Özel Güvenlik, Çağrı Merkezi, Motor Kurye işçilerin
Ülkemizde son yıllarda en çok gelişen, insan faktörünü ortasına koyan emek yoğun sektörlerin başında geliyorlar. Kimisi için son çare, kimisi için geçici bir dönem çalışma yeri olarak görülüyorlar. Ciddi bir…

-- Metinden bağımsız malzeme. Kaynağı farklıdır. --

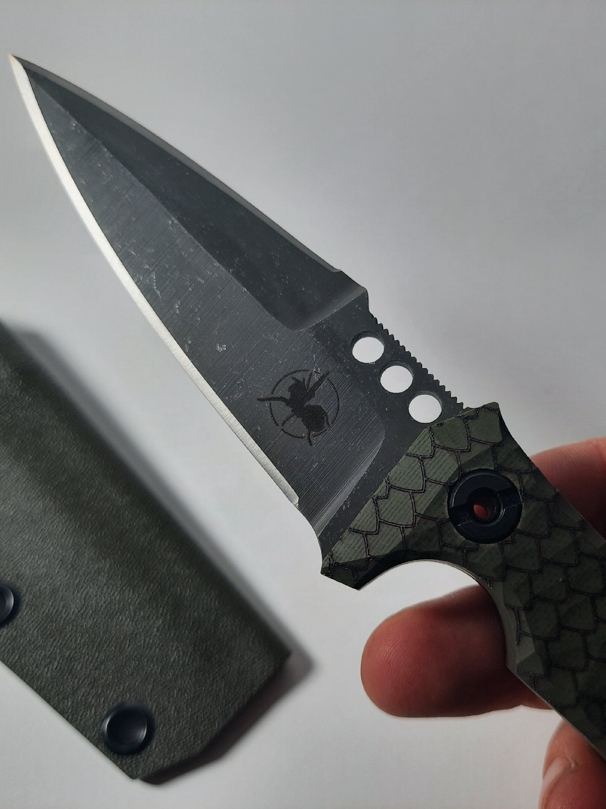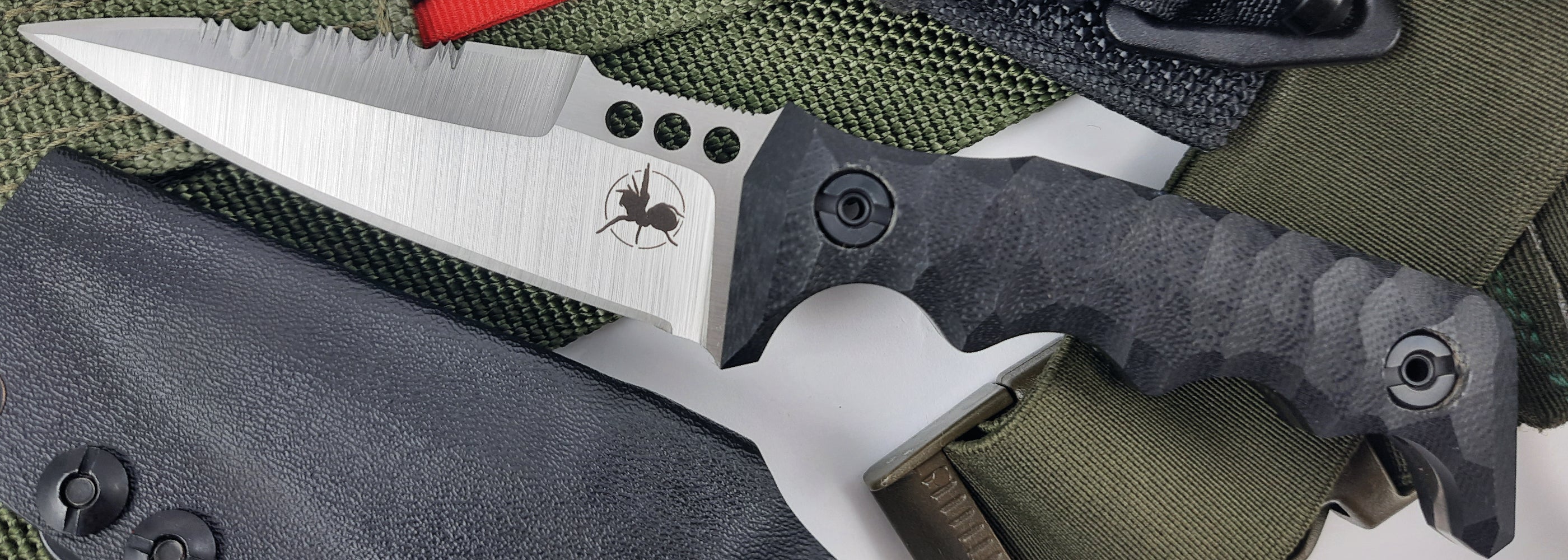 Noże Atrax są wyjątkowe, ponieważ wszystkie cięcia stali i uchwyty są wykonywane ręcznie. Dzięki temu każdy nóż jest wyjątkowy i jedyny w swoim rodzaju.

90’lı yılların son dönemlerinde özel güvenlik sektörünün ne anlama geldiğini Güney Afrika Cumhuriyeti’nde gördüm. İşsizlik, göçmen sorunları, suç oranlarının yüksekliği gibi sebepler özel güvenlik sektörünü çok ciddi şekilde geliştirmiş ve dev bir sektör haline getirmişti ülkede. Zannediyorum bugün bu sektörün ülkemizdeki ekonomik rakamları halen daha Güney Afrika’nın sahip olduğu rakamların yarısı bile değildir. Yaklaşık 1,5 Milyon vatandaşımızın özel güvenlik yeterlilik belgesine sahip olduğu söyleniyor. Uzun çalışma saatleri, zorlu koşullar ve asgari ücret koşulları sektörün en büyük sıkıntısı. Bu sıkıntıların psikolojik getirileri de özel güvenlikçilerle vatandaşları sıklıkça karşı karşıya getiriyor.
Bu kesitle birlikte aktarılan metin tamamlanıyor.